Problem to work on:
Word for word, return the lines below from the first through the line that has "Samsung Galaxy S26", dropping the pictures.

Records for processing:

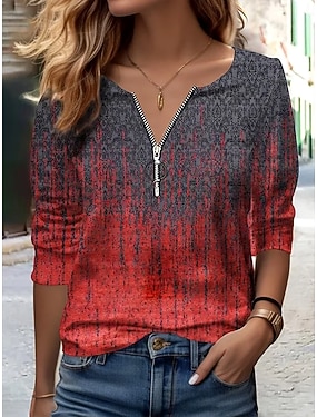 Női Póló Cipzár Nyomtatott Ombre Grafika Absztrakt Elegáns Szüret Stílusos Hosszú ujj V-alakú Kerek Vágott nyak Normál felsők Napi Hétvége Bor Tavasz Ősz Tél
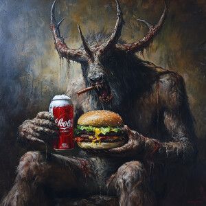 «Wendigo eating a big fat cheeseburger and drinking a cold coors...»
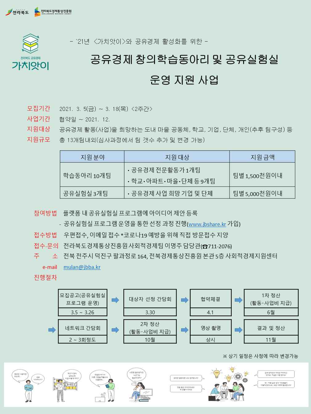 전라북도와 전라북도경제통상진흥원에서는 전라북도 공유경제 온라인플랫폼 ‘가치앗이’ 활용을 통한 공유경제 활성화를 위해 아래와 같이「공유경제 창의학습동아리 및 공유실험실」참가자(팀)를 모집합니다.
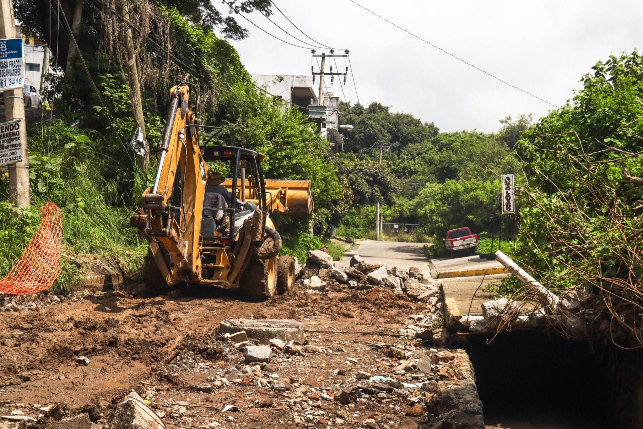 El Ayuntamiento de Cuernavaca, a través de la Secretaría de Desarrollo Urbano y Obras Públicas (SDUyOP), avanza en la obra emergente de reparación en la avenida Cuernavaca, contraesquina de la calle Tres Cruces en el poblado de Ahuatepec, luego de que las lluvias de la madrugada del viernes provocaran daños al concreto hidráulico por el taponamiento de un canal.
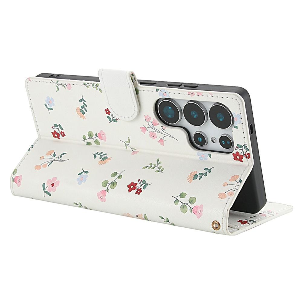 Samsung Galaxy S26 Ultra Fodral Rhombus Läder Blommor Vit
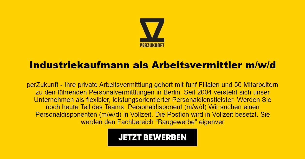 perZukunft - Ihre private Arbeitsvermittlung gehört mit fünf Filialen und 50 Mitarbeitern zu den führenden Personalvermittlungen in Berlin. Seit 2004 versteht sich unser Unternehmen als flexibler, leistungsorientierter Personaldienstleister. Werden Sie noch heute Teil des Teams. Personaldisponent (m/w/d) Wir suchen einen Personaldisponenten (m/w/d) in Vollzeit. Die Postion wird in Vollzeit besetzt. Sie werden den Fachbereich "Baugewerbe" eigenverantwortlich leiten.
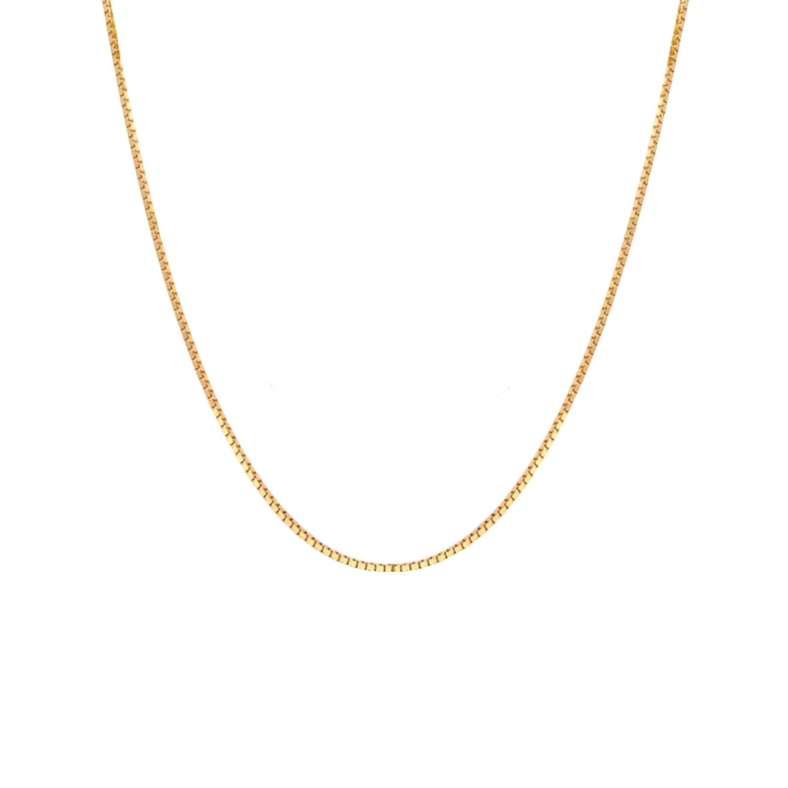 VOGREX 14K Real Solid Yellow Gold 0.7mm Box Chain Necklace with Lobster Clasp for Men and Women -16"
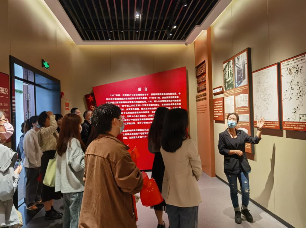 在红十三军教育基地展馆,讲解员为大家介绍了红十三军在浙南地区的光辉历史。通过观看展馆中的实物、图片、影像资料,大家一起回顾了那段不平凡的岁月,感悟革命先辈的牺牲精神。在红十三军纪念碑前,全体人员鞠躬默哀,表达对逝去革命烈士的哀思和敬意。
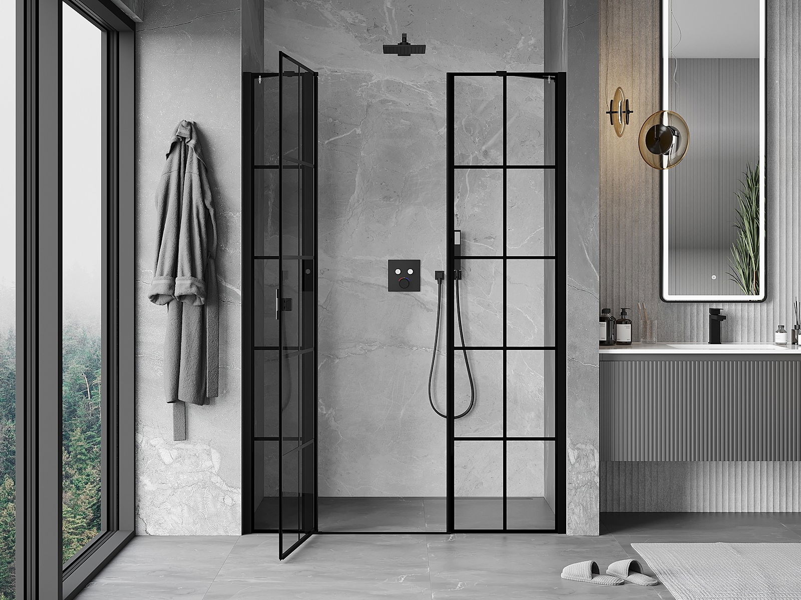 Mexen Mist porte de douche pivotante gauche 135 cm, grille noire, noir - 8A4-135-001-70-77-L
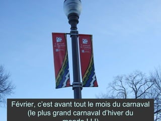 Le document décrit les activités et l'ambiance du carnaval d'hiver de Québec en février, mettant en avant des attractions comme les sculptures sur neige et le bar de glace. Il évoque également des traditions comme le 'bain de neige' et des événements musicaux, tout en mentionnant les conditions météorologiques changeantes. Enfin, un retour sur des souvenirs de la période hivernale et des interactions avec des colocataires est partagé.
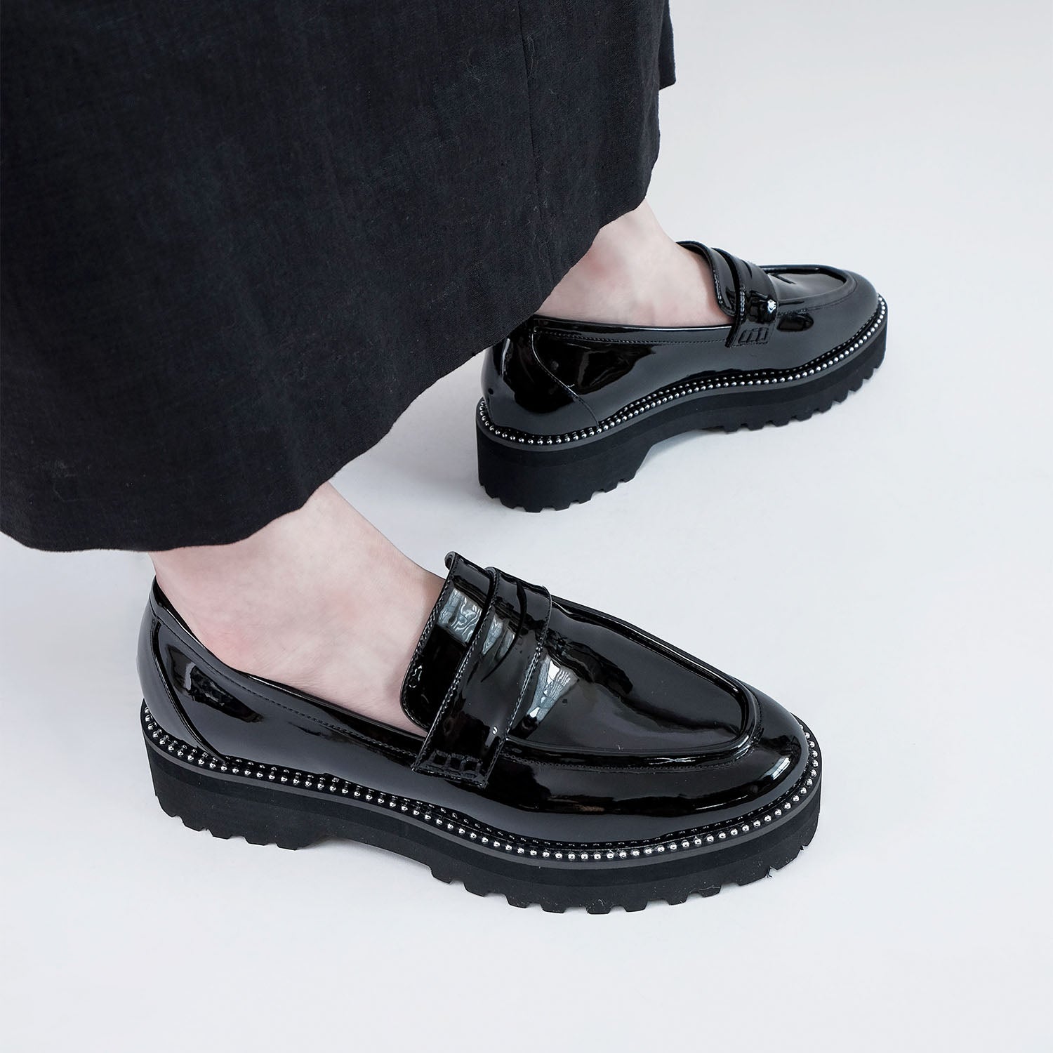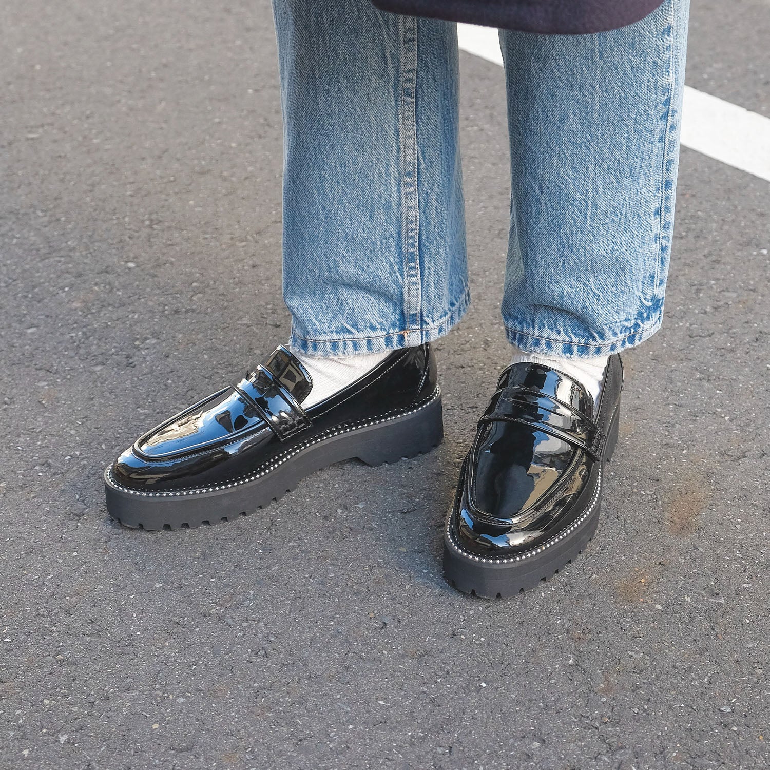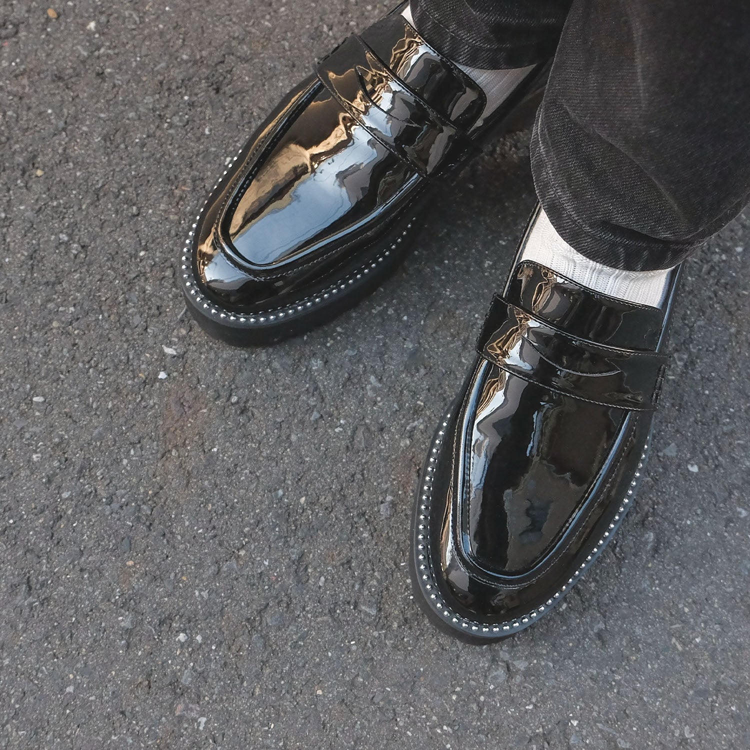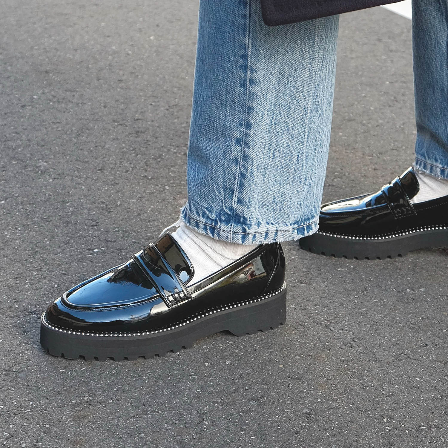 レイン対応とは思えないスタイリッシュなスタッズローファー

Finished exercise:
 Női Póló Cipzár Nyomtatott Ombre Grafika Absztrakt Elegáns Szüret Stílusos Hosszú ujj V-alakú Kerek Vágott nyak Normál felsők Napi Hétvége Bor Tavasz Ősz Tél
 «Wendigo eating a big fat cheeseburger and drinking a cold coors...»
 전라북도와 전라북도경제통상진흥원에서는 전라북도 공유경제 온라인플랫폼 ‘가치앗이’ 활용을 통한 공유경제 활성화를 위해 아래와 같이「공유경제 창의학습동아리 및 공유실험실」참가자(팀)를 모집합니다.
 El Ayuntamiento de Cuernavaca, a través de la Secretaría de Desarrollo Urbano y Obras Públicas (SDUyOP), avanza en la obra emergente de reparación en la avenida Cuernavaca, contraesquina de la calle Tres Cruces en el poblado de Ahuatepec, luego de que las lluvias de la madrugada del viernes provocaran daños al concreto hidráulico por el taponamiento de un canal.
 Samsung Galaxy S26 Ultra Fodral Rhombus Läder Blommor Vit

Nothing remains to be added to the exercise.